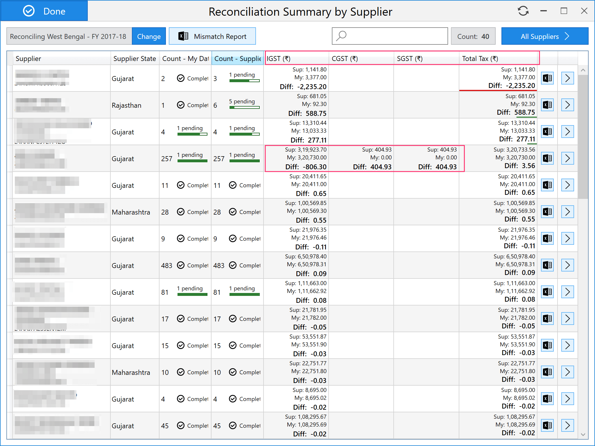 - Improved the supplier summary to show the tax amount and difference for individual tax heads (IGST/CGST/SGST/Cess).
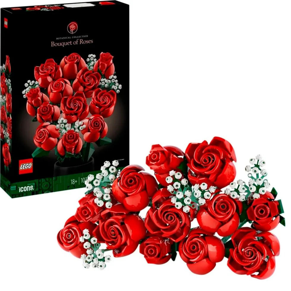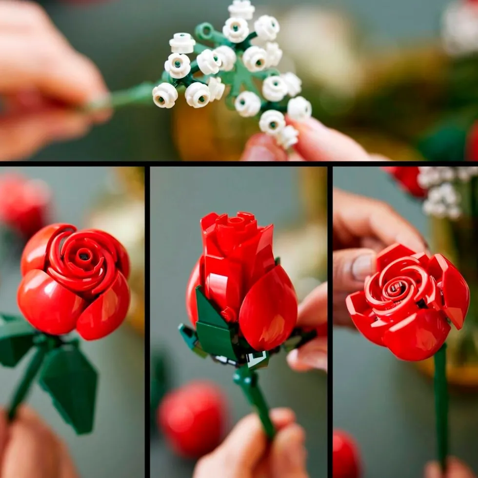 Het LEGO Botanical Collection 10328 Rozenboeket is een plezier om te bouwen en bevat een dozijn rode rozen. De rozen hebben verschillende bloeistadia, vier zijn in volle bloei, vier bijna in bloei en vier in knop. Ze hebben lange groene stelen om in een vaas te plaatsen, plus vier takjes gipskruid met kleine witte bloemetjes. Het boeket is eenvoudig in elkaar te zetten en vormt een elegante blikvanger in elke ruimte.
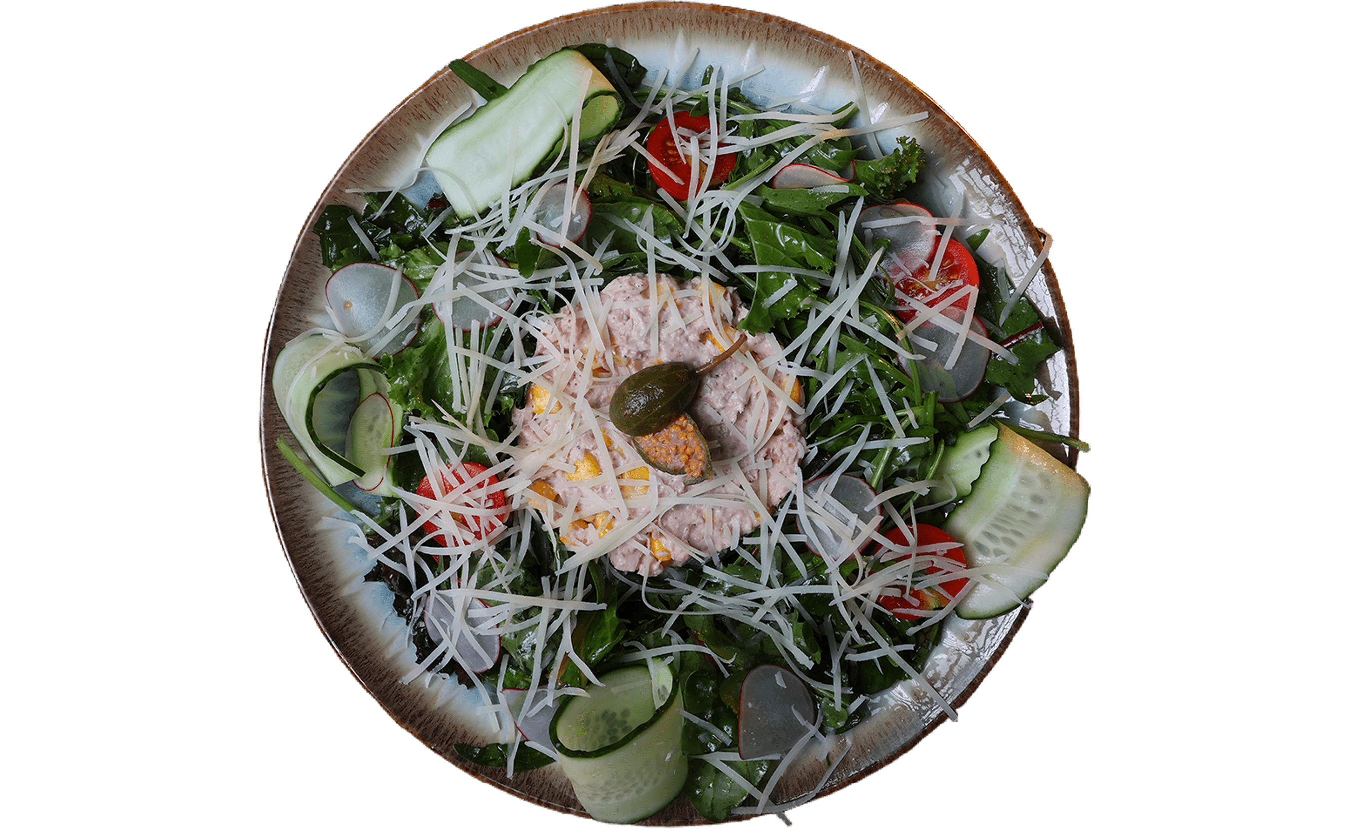 Թունա ձուկ, պարմեզան, միքս կանաչի, սոուս
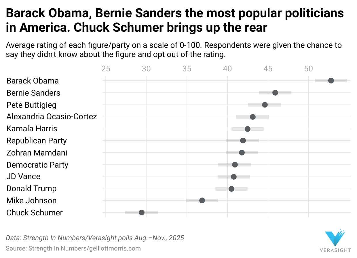 Methodology note: Verasight conducted this poll among 2,038 U.S. adult residents from November 12-14, 2025. It has a margin of sampling error of 2.3%. The survey was weighted to match the political and demographic characteristics of the U.S. adult population according to the U.S. Census Current Population Survey, as well as recent benchmarks for partisanship and past vote from official election results and the Pew Research Center.
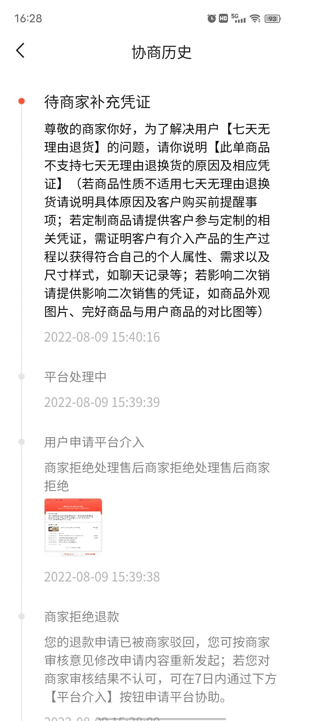 我们的测试订单确认收货后,申请售后退款,商家拒绝售后后,再申请平台介入,平台给用户的反馈截图如下
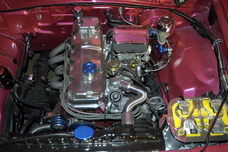 2.6 G54B, Weber 38mm carb, Pace setter Header, Removed all unnessary Electrical and vaccuum lines, painted inners, firewall and block, Blue Powdercoated parts,

◆ ◆ ◆ ◆

## INSTRUCTIONS TO FOLLOW
The expected output is each record, copied exactly, and nothing in place of the pictures.

## EXPECTED ANSWER
 - Improved the supplier summary to show the tax amount and difference for individual tax heads (IGST/CGST/SGST/Cess).
 Het LEGO Botanical Collection 10328 Rozenboeket is een plezier om te bouwen en bevat een dozijn rode rozen. De rozen hebben verschillende bloeistadia, vier zijn in volle bloei, vier bijna in bloei en vier in knop. Ze hebben lange groene stelen om in een vaas te plaatsen, plus vier takjes gipskruid met kleine witte bloemetjes. Het boeket is eenvoudig in elkaar te zetten en vormt een elegante blikvanger in elke ruimte.
 Թունա ձուկ, պարմեզան, միքս կանաչի, սոուս
 Methodology note: Verasight conducted this poll among 2,038 U.S. adult residents from November 12-14, 2025. It has a margin of sampling error of 2.3%. The survey was weighted to match the political and demographic characteristics of the U.S. adult population according to the U.S. Census Current Population Survey, as well as recent benchmarks for partisanship and past vote from official election results and the Pew Research Center.
 我们的测试订单确认收货后,申请售后退款,商家拒绝售后后,再申请平台介入,平台给用户的反馈截图如下
 2.6 G54B, Weber 38mm carb, Pace setter Header, Removed all unnessary Electrical and vaccuum lines, painted inners, firewall and block, Blue Powdercoated parts,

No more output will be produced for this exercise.